BY KATE SHEEHY -- As more Latino youth come of age in the United States, they are looking for superheroes who reflect their cultural heritage. The expanding art scene of Latino comic book artists is evident at events such as last month’s Latino Comics Expo at San Francisco’s Cartoon Museum.

PRI The World’s Monica Campbell recently spoke with several young Latino artists who are conjuring up figures from Latin pop culture and legends to create superheroes in their stories. There’s Sonámbulo, a Mexican wrestler-turned-private-eye, the Preying Aztec Mantis, and Crying Macho Man.

Gilbert Hernandez is one of the pioneers of Latino comic book artists.

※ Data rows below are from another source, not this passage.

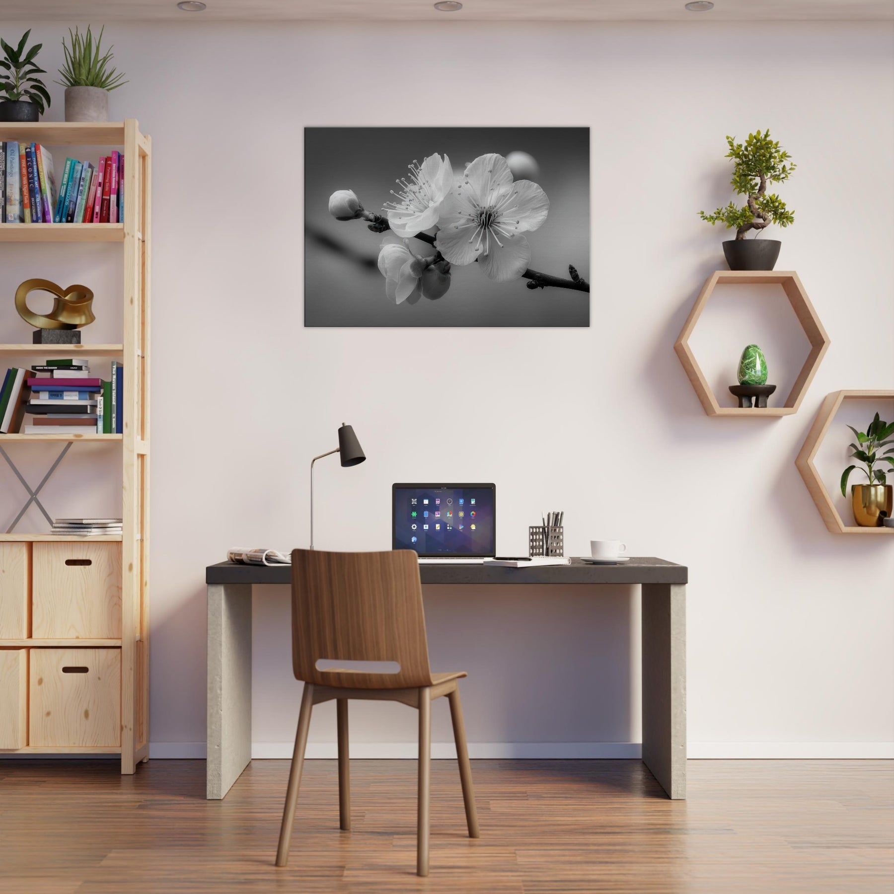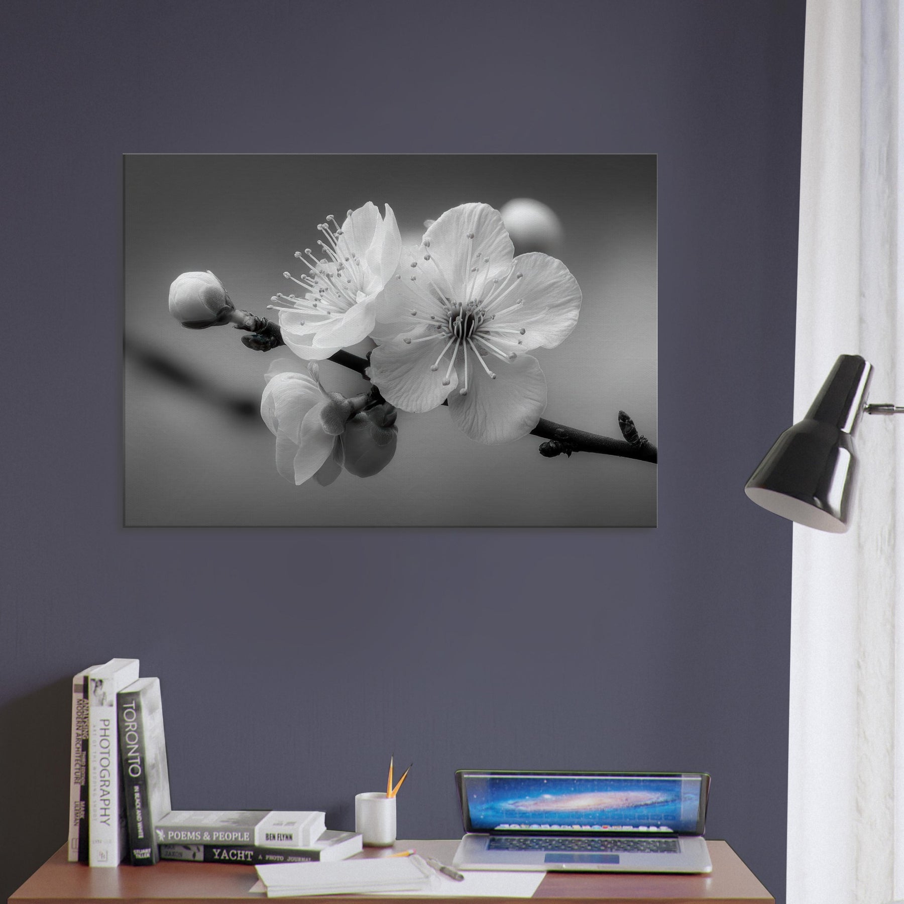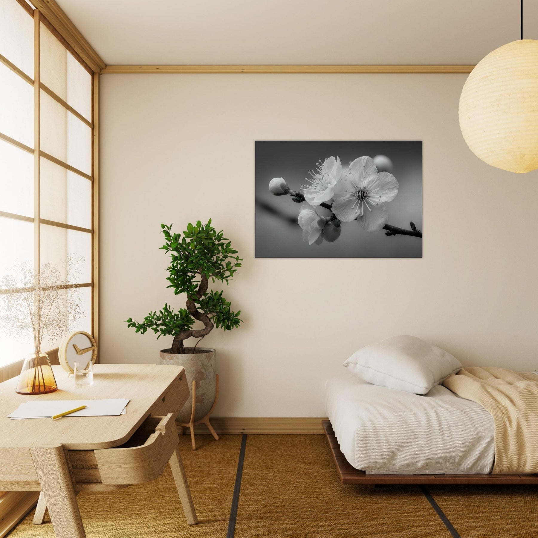 Hang it to invite a contemplative breath into the room; the scene casts a serene, timeless mood that pairs with neutral tones or bold furnishings, complementing a living space with subtle drama. This piece captures nature's grace in a single, intimate frame the moment where blossom and branch meet in quiet resilience.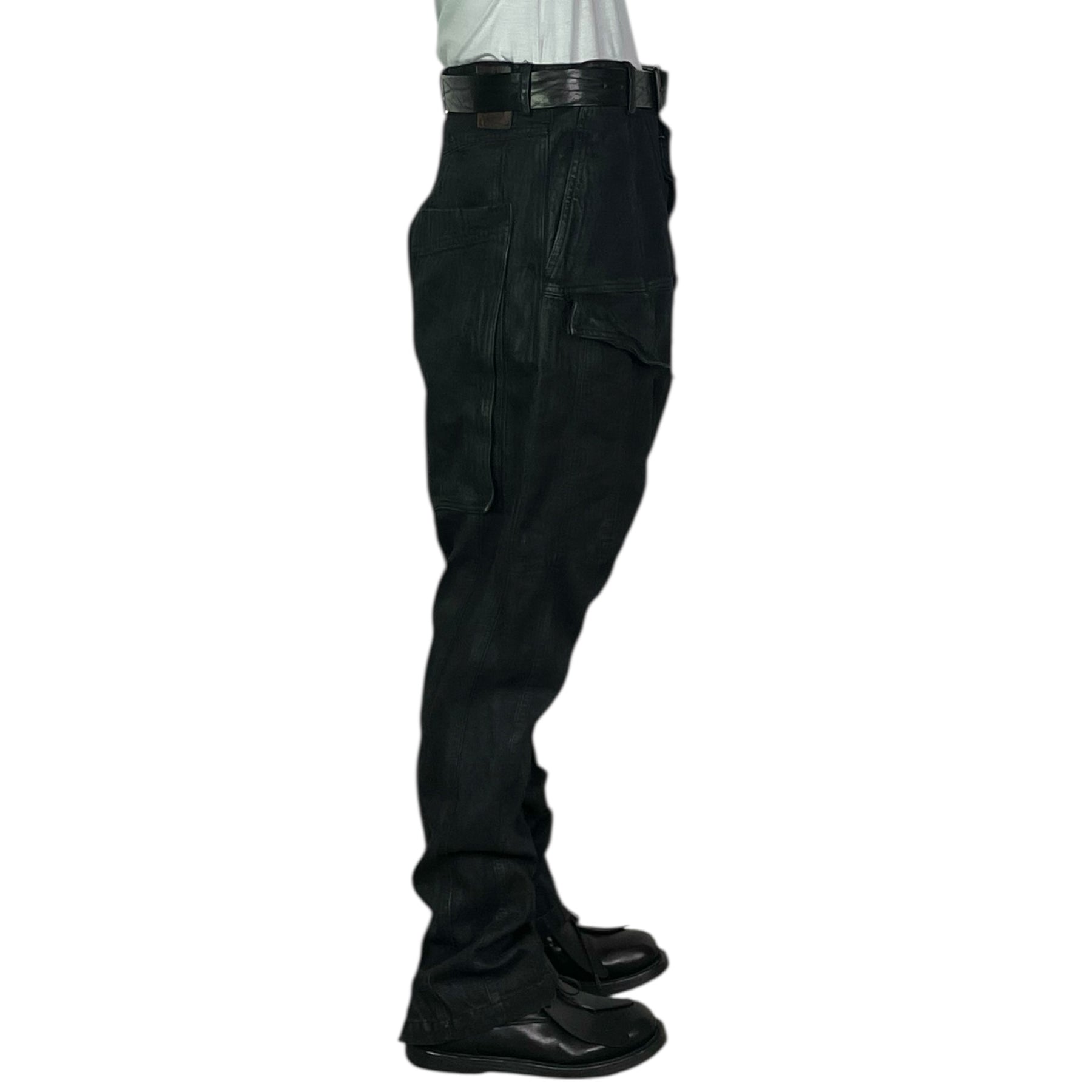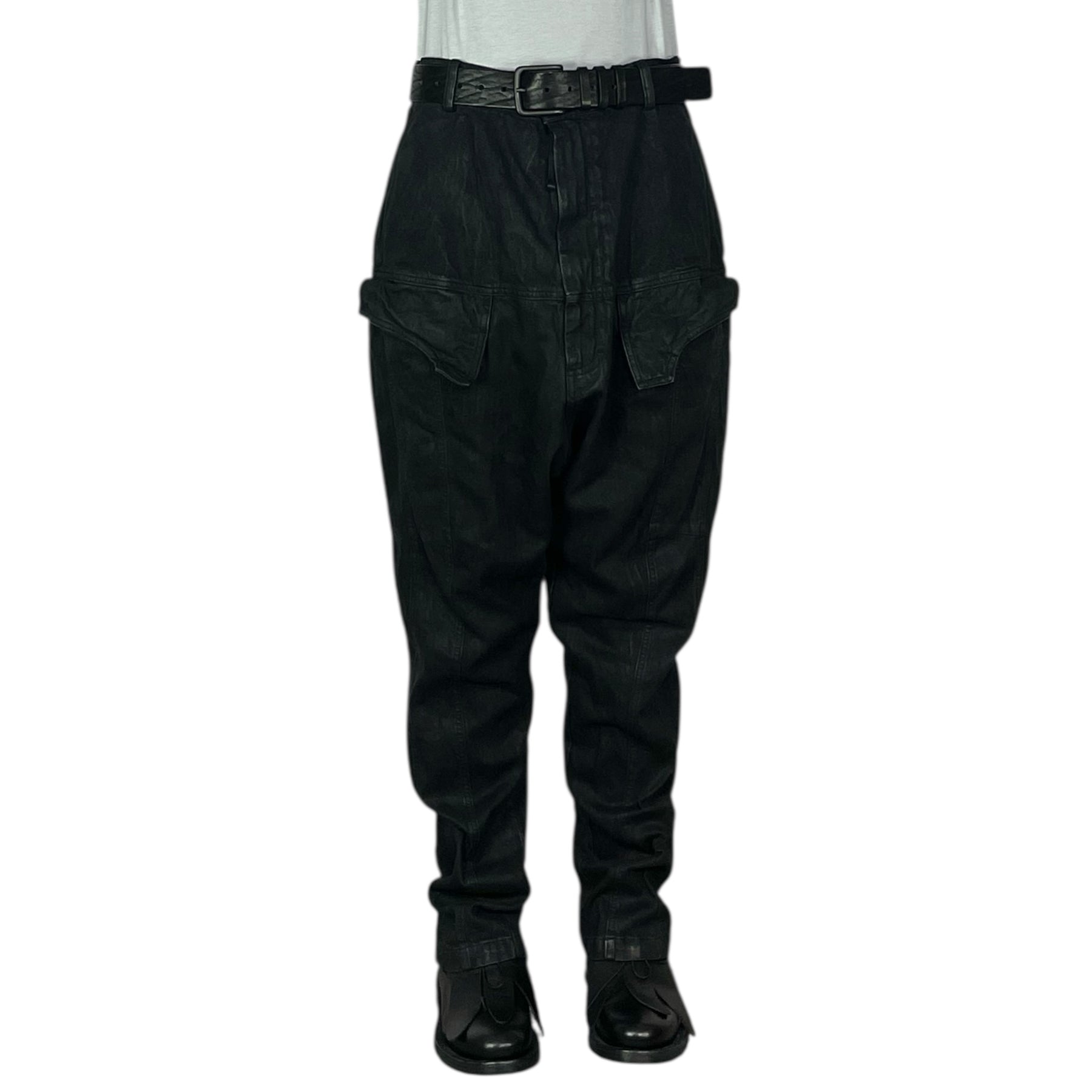 Drop crotch denim trousers with button/zip fly front and belt loops. Two side pockets, two front flap pockets, and two back elongated patch pockets. Loose fit at hips and thighs, tapering to a slim leg with slits at back hem.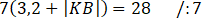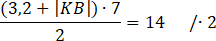 Podstaw znane wartości pod powyższe pole i oblicz z niego długość boku KB.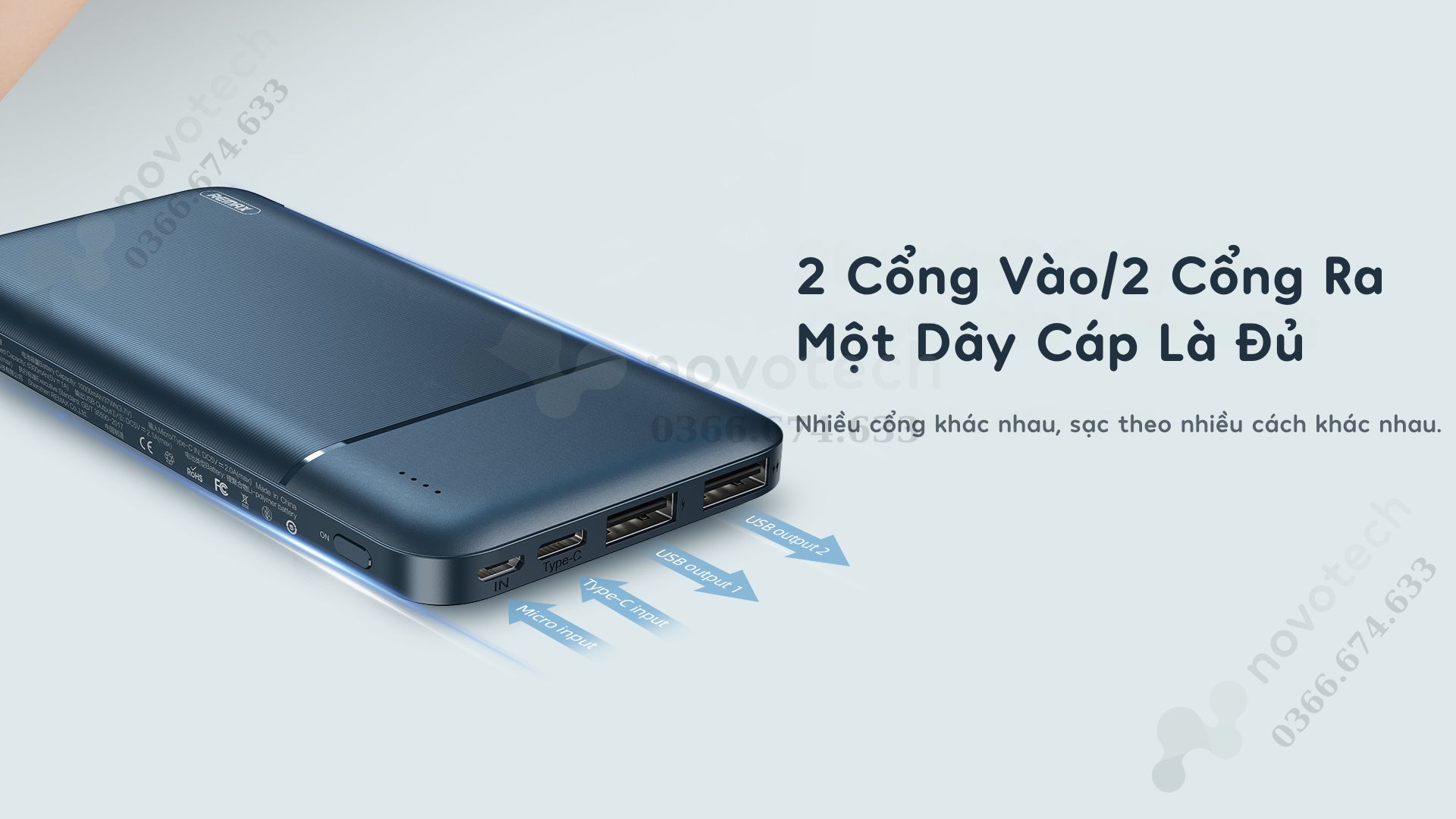 Pin dự phòng Remax được thiết kế 2 cổng vào, 2 cổng ra giúp bạn dễ dàng sử dụng với đa dạng cổng kết nối.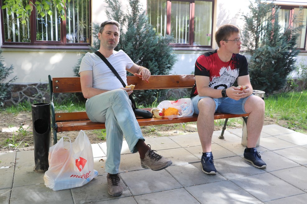 Завтрак на лавочке около гостиницы: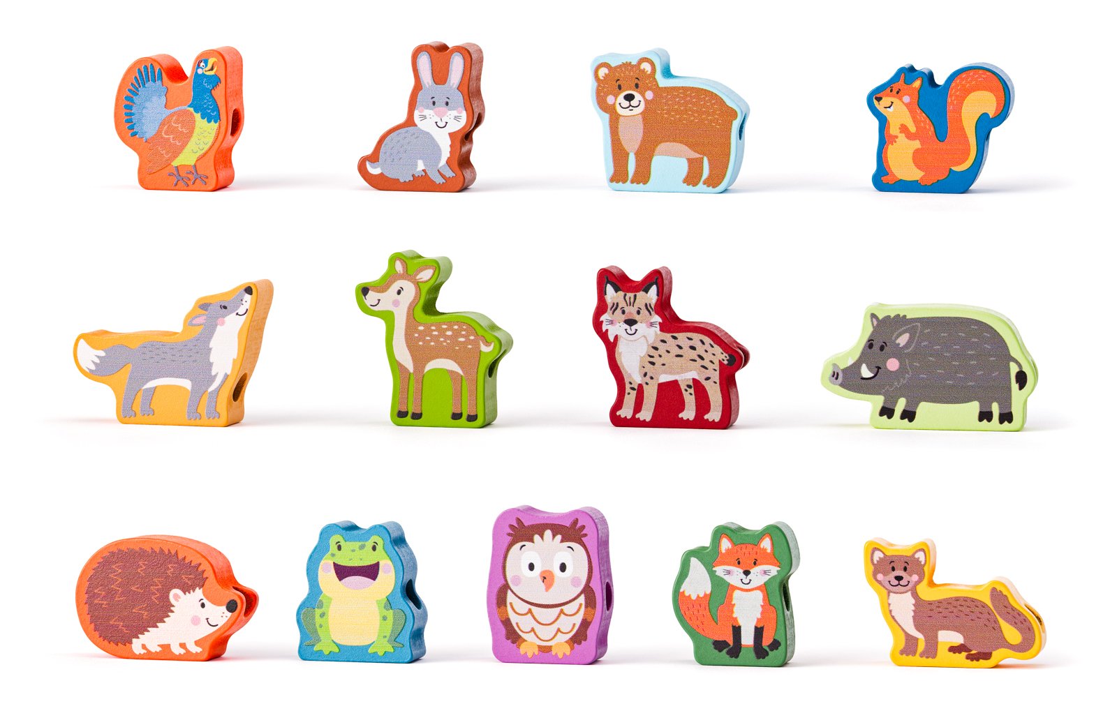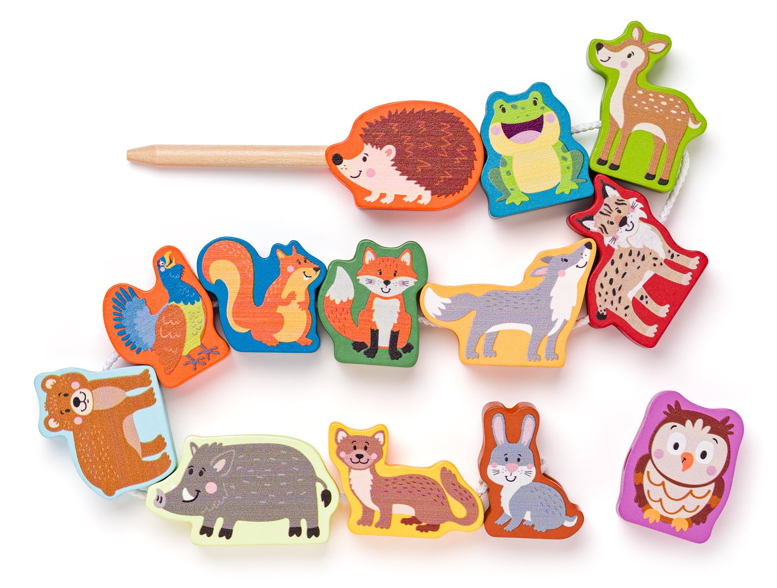 Objevte hravé navlékání s motivy českého lesa. Navlékací korále – Lesní zvířata jsou dřevěná didaktická hračka, která podporuje jemnou motoriku, soustředění i poznávání zvířat. Vhodné pro děti od 2 let. Sada obsahuje 13 oboustranných korálků se zvířátky: krocan, zajíc, medvěd, veverka, vlk, srna, rys, divoké prasátko, ježek, žabka, sova, liška a kuna. Děti poznávají lesní zvířata, rozšiřují slovní zásobu a vytvářejí vlastní příběhy při navlékání. Součástí je 1 dřevěná jehla se šňůrkou, která usnadňuje provlékání korálků. Vyrobeno z kvalitního jalovcového dřeva a překližky s hladkým opracováním. Navlékací korále – Lesní zvířata jsou ideální první navlékací hračkou pro malé objevitele, kteří milují zvířátka a tvoření. Podporuje rozvoj jemné motoriky, koordinace ruka-oko, soustředění a trpělivosti, představivost a vyprávění příběhů. Rozměry balení: 11,5 x 14,8 x 4 cm. Věk: 2+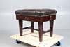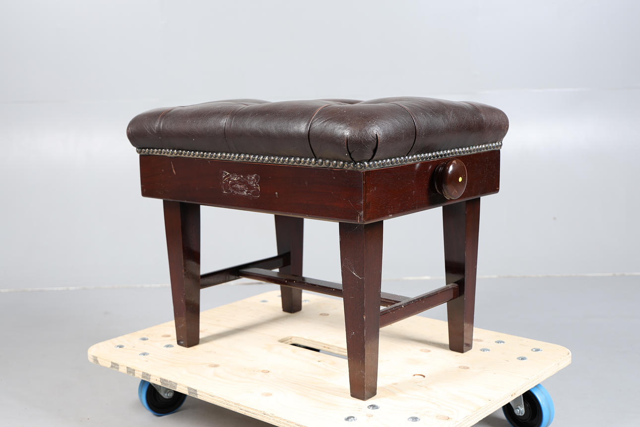 The buttoned leatherette top raised on square tapering legs, 59cm wide, 46cm deep, 48cm high fully lowered.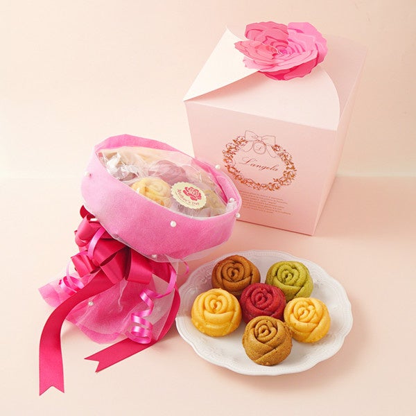 手にした瞬間心が華やかになる、バラのマドレーヌの花束。

Hernandez currently lives in Las Vegas and was recently on KNPR’s State of Nevada to discuss his new book “ Marble Season.” It's semi-autobiographical about his childhood growing up in the racially diverse, agricultural community of Oxnard, Calif., in the 1960s. One of the characters in the book, Junior, is chastised for liking a white girl.

“My little group of friends, we didn’t care if you liked a white girl, an Asian girl, a Black girl, it didn’t matter. But you would often hear from other people, say you had a crush on a little blonde girl with freckles, and they’d say ‘You like a white girl?’ There’s a period in our lives as kids where we don’t care what color people are, we don’t care what culture they’re from. We just like them,” Hernandez said.

 “Marble Season” is Gilbert’s first attempt at a comic book for kids. Hernandez and his brothers Jaime and Mario are known as Los Bros Hernandez . They made a name for themselves in the early 1980s with their original comic series “ Love and Rockets.” The series was groundbreaking for its time and addresses issues of race and prejudice. Characters in the books are biracial, black, Latino and gay.

“Comic books have a freedom … anything that you really want to say that’s truthful; you can still do in comics because there’s not a big media conglomerate controlling that. You can just really connect to people as people,” Hernandez said.

Hernandez says he’s worried comics may get swept under the rug by technology. Yet the turnout at comic expos like the one in San Francisco suggests, for now, it is a living means of expression for new artists.